─── INFORMATION

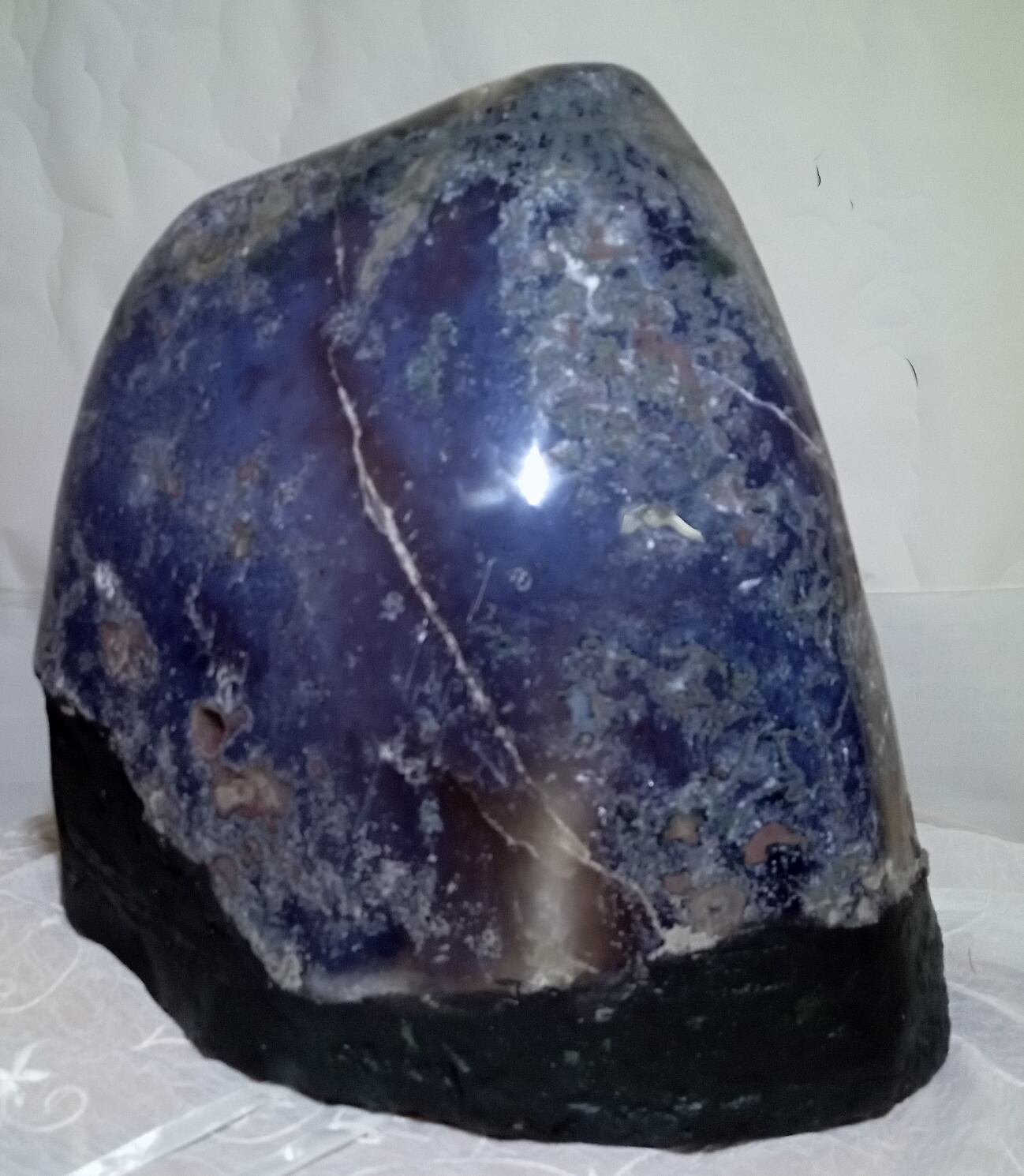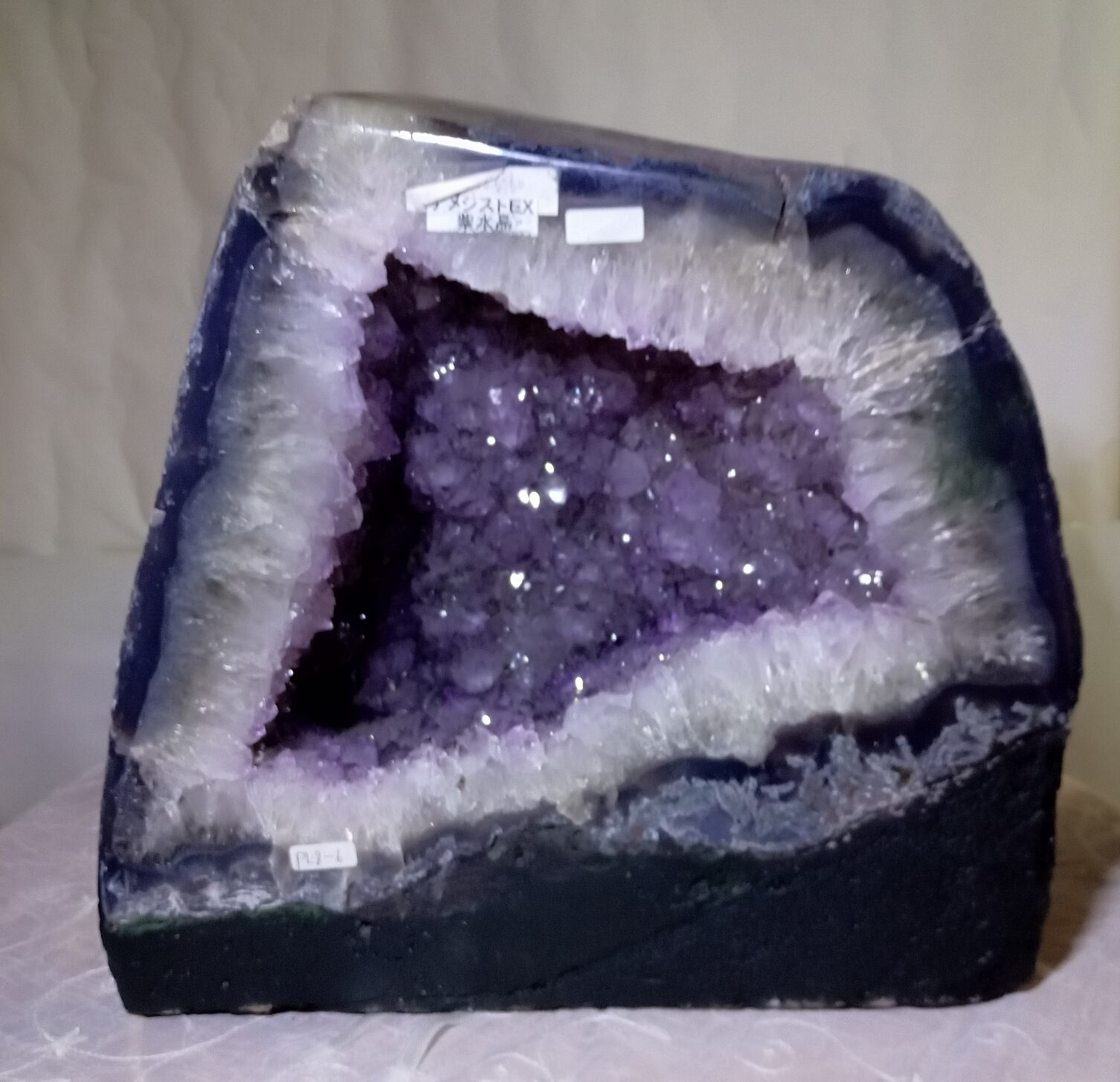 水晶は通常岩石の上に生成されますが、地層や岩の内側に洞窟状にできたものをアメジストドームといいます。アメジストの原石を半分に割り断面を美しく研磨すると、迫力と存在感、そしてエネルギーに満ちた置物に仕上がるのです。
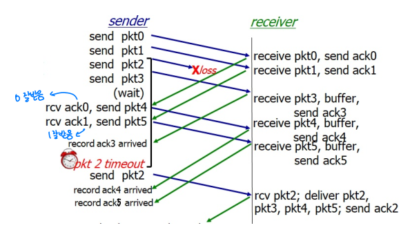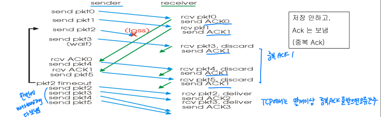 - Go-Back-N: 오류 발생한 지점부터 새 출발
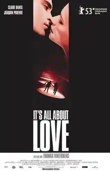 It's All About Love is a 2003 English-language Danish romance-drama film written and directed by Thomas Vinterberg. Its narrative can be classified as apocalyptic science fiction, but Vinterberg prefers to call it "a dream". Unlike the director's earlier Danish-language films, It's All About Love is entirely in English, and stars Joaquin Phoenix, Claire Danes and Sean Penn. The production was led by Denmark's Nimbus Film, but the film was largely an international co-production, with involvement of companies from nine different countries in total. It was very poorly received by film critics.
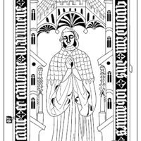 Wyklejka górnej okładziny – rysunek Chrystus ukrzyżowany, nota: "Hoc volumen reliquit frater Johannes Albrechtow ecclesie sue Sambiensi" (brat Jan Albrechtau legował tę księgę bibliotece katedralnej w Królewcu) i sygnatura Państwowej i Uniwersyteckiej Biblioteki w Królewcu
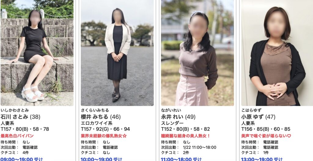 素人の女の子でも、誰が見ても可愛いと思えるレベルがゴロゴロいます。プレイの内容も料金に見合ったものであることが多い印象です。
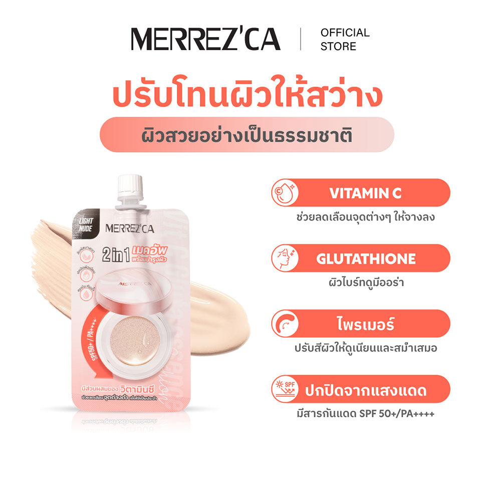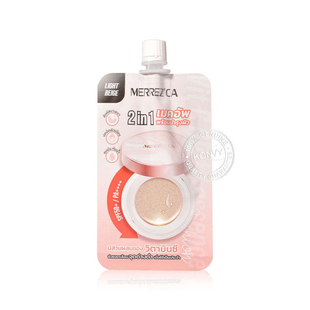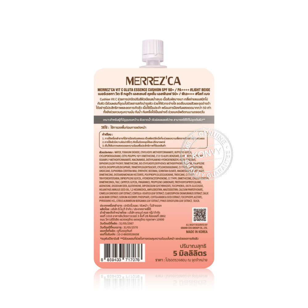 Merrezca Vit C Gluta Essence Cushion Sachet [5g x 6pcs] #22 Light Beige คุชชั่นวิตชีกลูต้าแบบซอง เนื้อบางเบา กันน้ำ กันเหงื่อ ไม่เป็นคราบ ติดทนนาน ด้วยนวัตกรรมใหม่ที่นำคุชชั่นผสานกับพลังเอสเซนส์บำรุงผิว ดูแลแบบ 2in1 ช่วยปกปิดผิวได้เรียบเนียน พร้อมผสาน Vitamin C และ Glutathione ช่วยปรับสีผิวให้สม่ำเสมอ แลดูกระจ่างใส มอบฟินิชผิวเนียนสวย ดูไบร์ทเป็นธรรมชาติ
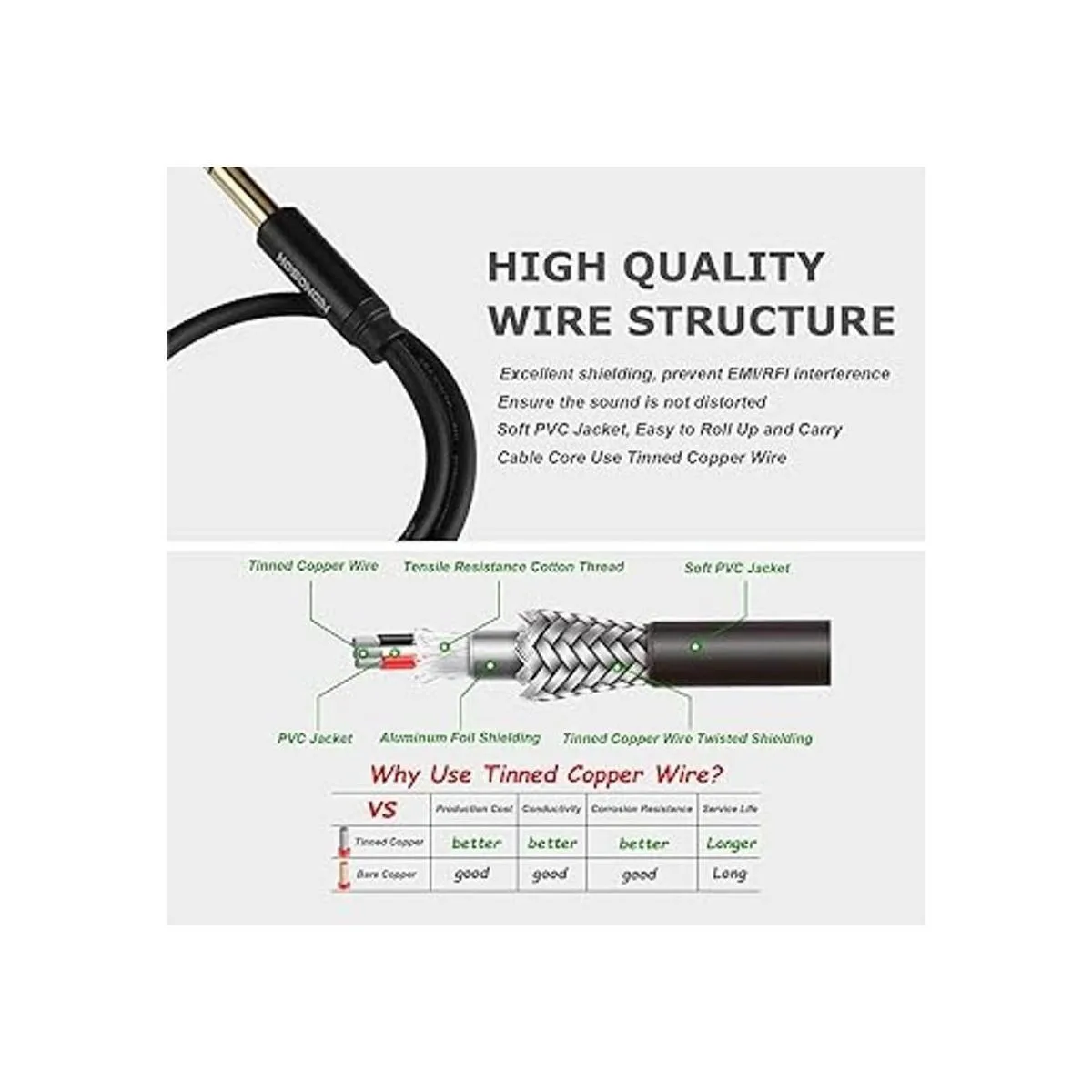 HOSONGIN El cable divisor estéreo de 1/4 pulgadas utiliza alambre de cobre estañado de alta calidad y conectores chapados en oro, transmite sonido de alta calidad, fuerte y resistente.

──────

* _WHAT TO WORK ON_: I need the lines from the one holding "素人の女の子でも、誰が見ても" through the last line of the entries set down exactly, with every picture left out.

* _SOLUTION_:
 素人の女の子でも、誰が見ても可愛いと思えるレベルがゴロゴロいます。プレイの内容も料金に見合ったものであることが多い印象です。
 Merrezca Vit C Gluta Essence Cushion Sachet [5g x 6pcs] #22 Light Beige คุชชั่นวิตชีกลูต้าแบบซอง เนื้อบางเบา กันน้ำ กันเหงื่อ ไม่เป็นคราบ ติดทนนาน ด้วยนวัตกรรมใหม่ที่นำคุชชั่นผสานกับพลังเอสเซนส์บำรุงผิว ดูแลแบบ 2in1 ช่วยปกปิดผิวได้เรียบเนียน พร้อมผสาน Vitamin C และ Glutathione ช่วยปรับสีผิวให้สม่ำเสมอ แลดูกระจ่างใส มอบฟินิชผิวเนียนสวย ดูไบร์ทเป็นธรรมชาติ
 HOSONGIN El cable divisor estéreo de 1/4 pulgadas utiliza alambre de cobre estañado de alta calidad y conectores chapados en oro, transmite sonido de alta calidad, fuerte y resistente.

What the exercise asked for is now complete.